I am so happy that I joined the party for Stefan yesterday. It exceeded my expectations and we had so much fun. We got to see a fire performance outside and then Anders Ljungar-Chapelon played two marvellous pieces by André Jolivet. We also enjoyed a variety of excellent foods brought by everybody and the meal was devoured accompanied by one of Stefans absolute favourite musicians, Joakim Thåström, on a very high volume. Several persons gave emotional speeches and we all felt a strong connection to each other. We then had a music quiz which was anything but serious and after that we started the karaoke machine. What happened in that room will stay in that room, but I can say that boundaries where broken and timidity was eliminated. When we had emptied the karaoke repertoire we continued in a cappella, singing things like Thåström, Lou Reed and dirty old English lyrics. Time flew and me who planned to just stop by for a few hours suddenly discovered that it was one a clock in the morning and we had laughed and loved for 7 hours. I was filled with joy and energy when I went home for my last nights sleep in Sweden.

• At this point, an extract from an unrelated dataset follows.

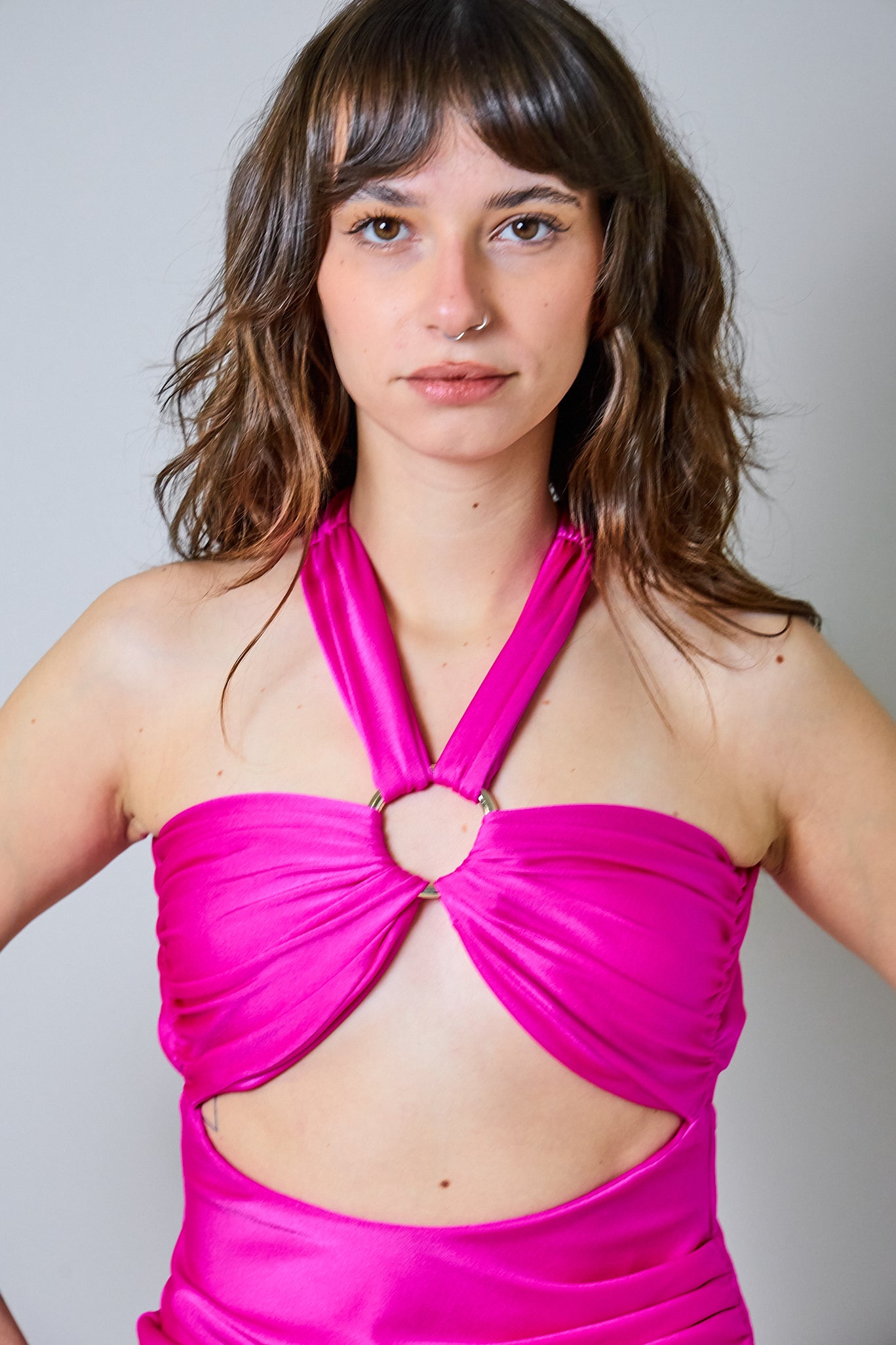 Il design con cut-out e dettaglio ad anello sul décolleté valorizza la silhouette, mentre il tessuto effetto satin dona luce e sensualità ad ogni movimento.

Stefan is my first aikido teacher and we have been through both ups and downs in our long relationship, strong-minded as we both are, but my respect for him is enormous, not only as an aikido teacher but also as a friend and fellow thinker. Many are the long discussions we have shared over a dinner after practice and that is one of the things I also miss when I am no longer in Malmö. His role as my aikido teacher is also very much fundamental for who I am when I step in to a dojo today. His approach to his students is very unique, shared with merely a few other teachers. Being his student means enjoying a committed personal guidance, getting constant feedback and support that helps you shaping your aikido in the most fruitful way. No matter where in the world I am, or which other teachers I might train with, Stefan will always be my Shihan and a big part of me will always belong with him and the rest of the beautiful people in his dojo.

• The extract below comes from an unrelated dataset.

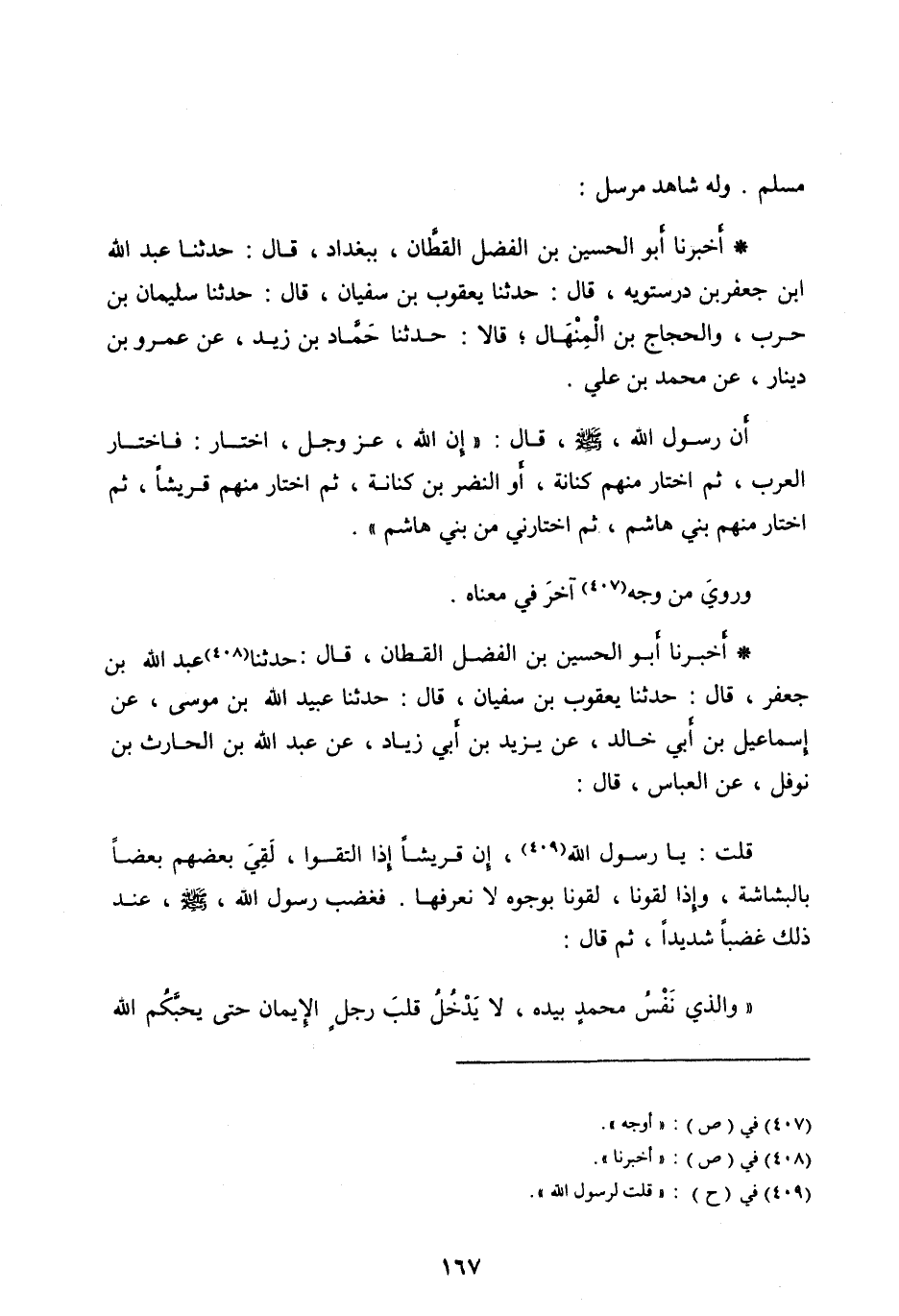 أَنَّ رَسُولَ اللهِ، صَلَّى اللهُ عَلَيْهِ وَسَلَّمَ، قَالَ: «إِنَّ اللهَ، عَزَّ وَجَلَّ، اخْتَارَ: فَاخْتَارَ الْعَرَبَ، ثُمَّ اخْتَارَ مِنْهُمْ كِنَانَةَ، أَوِ النَّضْرِ بْنَ كِنَانَةَ، ثُمَّ اخْتَارَ مِنْهُمْ قُرَيْشًا، ثُمَّ اخْتَارَ مِنْهُمْ بَنِي هَاشِمٍ، ثُمَّ اخْتَارَنِي مِنْ بَنِي هَاشِمٍ» .

Saturday, February 27, 2010

Effective aikido session

Today was unfortunately the only aikido practice with Stefan Stenudd that I succeeded to squeeze in to my tight Malmö schedule. When I go to Stockholm I basically have aikido there and nothing else, while in Malmö I have a whole other realm of friends and family and also paper work to tend to. Anyhow, my first aikido teacher and dear newly-appointed Shihan sucked the most out of it and used me as uke for the whole 90 minutes class. A true honour and loads of fun.

Tonight there is a party in Stefans honour to celebrate his title and at first I had decided that my last evening in Sweden had to be dedicated to my parents, but they did not want to hear anything of it, and since we had a very early meal consisting of madly amounts of sushi, I am soon off to join the Shihan party for a few hours after all. I hope that the Shihan does not reach to read my blog before that... ;)

Tuesday, February 23, 2010

I want to go home now...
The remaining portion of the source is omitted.